Tuesday, November 1, 2011

The Cure For Argument List Too Long

This is one of those things that drives me
crazy. Why does Linux have an artificial limit
on the size of an argument list? So many things
in Linux are dynamic. Why not shell argument
lists too?

Here's someone who proposes 4 different ways to
solve this problem:

Argument List Too Long

His last solution, solution #4, puts the whole
problem in a nutshell. Apparently this is a
limitation that is defined when you compile your
linux kernel.

Since most of us use precompiled kernels, we're stuck
untess we wish to recompile the kernel.

The variable that controls this is really a C
Language constant (not a true variable).
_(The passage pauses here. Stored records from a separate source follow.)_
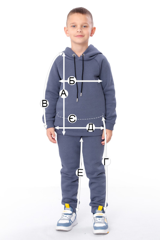 | Г - Довжина штанів по бічному шву, +/-2см | 61 | 64 | 68 | 72 | 76 |
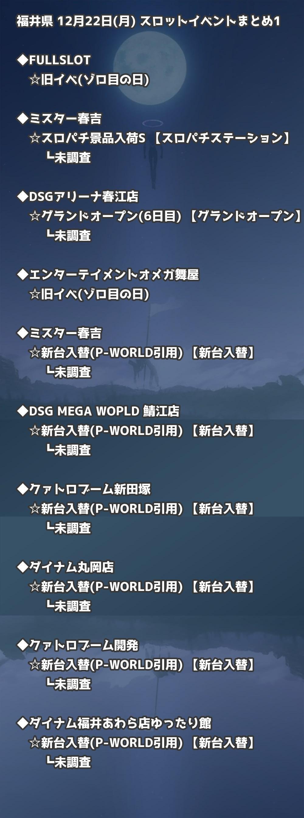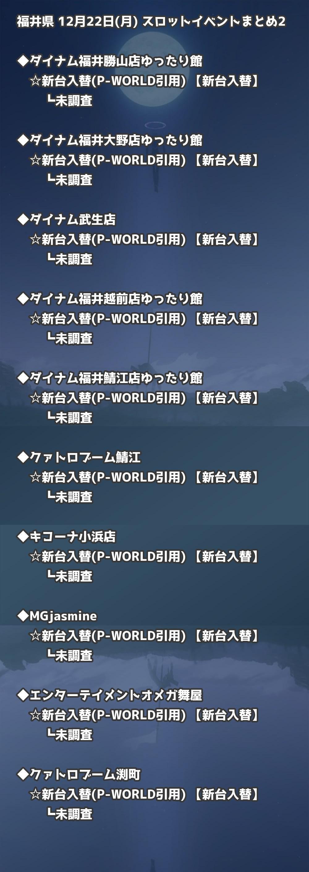 【福井県】12月22日(月) パチンコホールイベント取材まとめ記事です。
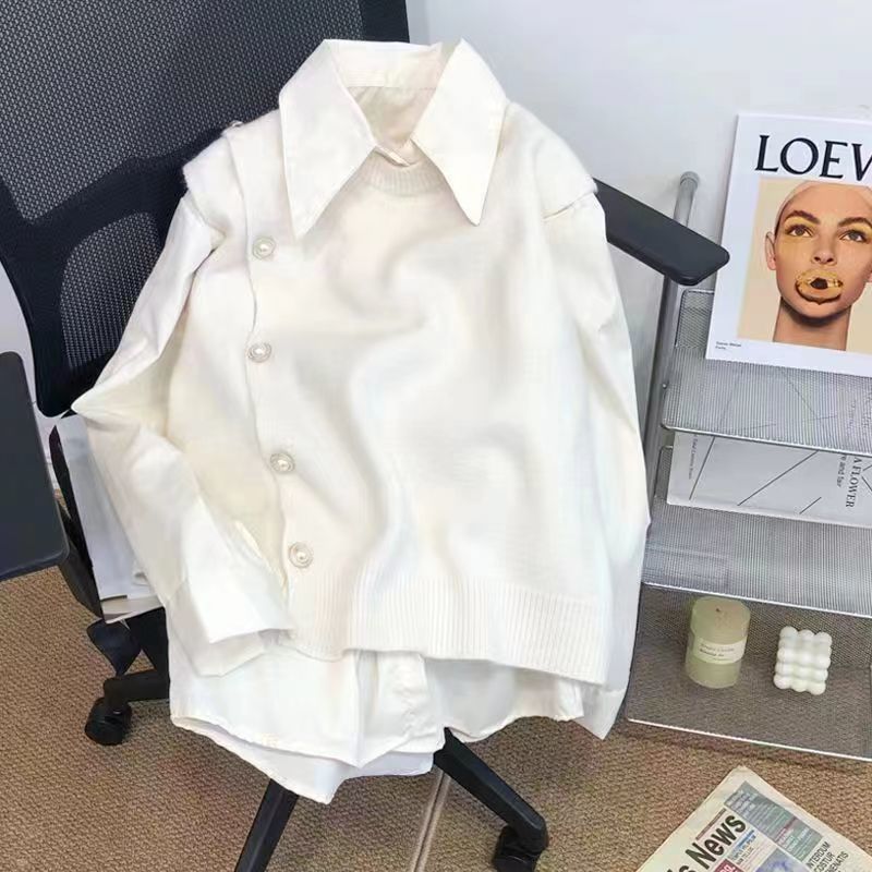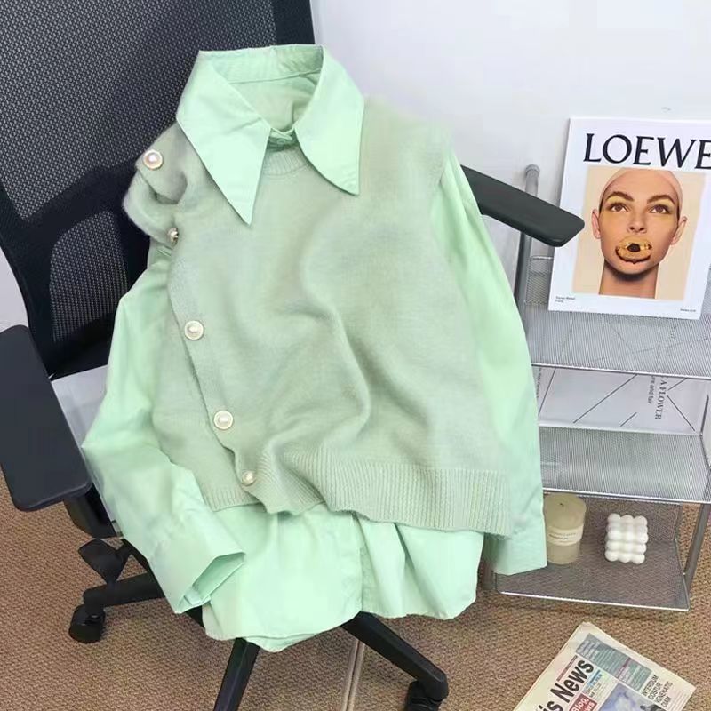 세트 여자 2024 봄과 가을 새로운 일본 스타일 부드러운 느슨한 부드러운 왁스 니트 조끼 우아한 올 매치 긴팔 셔츠

It
is defined for the C Language preprocessor like
this:

#define MAX_ARG_PAGES 32

Perhaps there is a philosophical reason for keeping
things the way they are. Perhaps long command lines
that cause you to over-run the maximum allotment for
an argument list are, in themselves, bad ideas.

An overly long command line could well be a bad idea.

For this reason, I feel that the author of the above
article is probably right. Even though using the
find command takes a long time, it does, by it's very
nature, allow you to process an infinite number of files.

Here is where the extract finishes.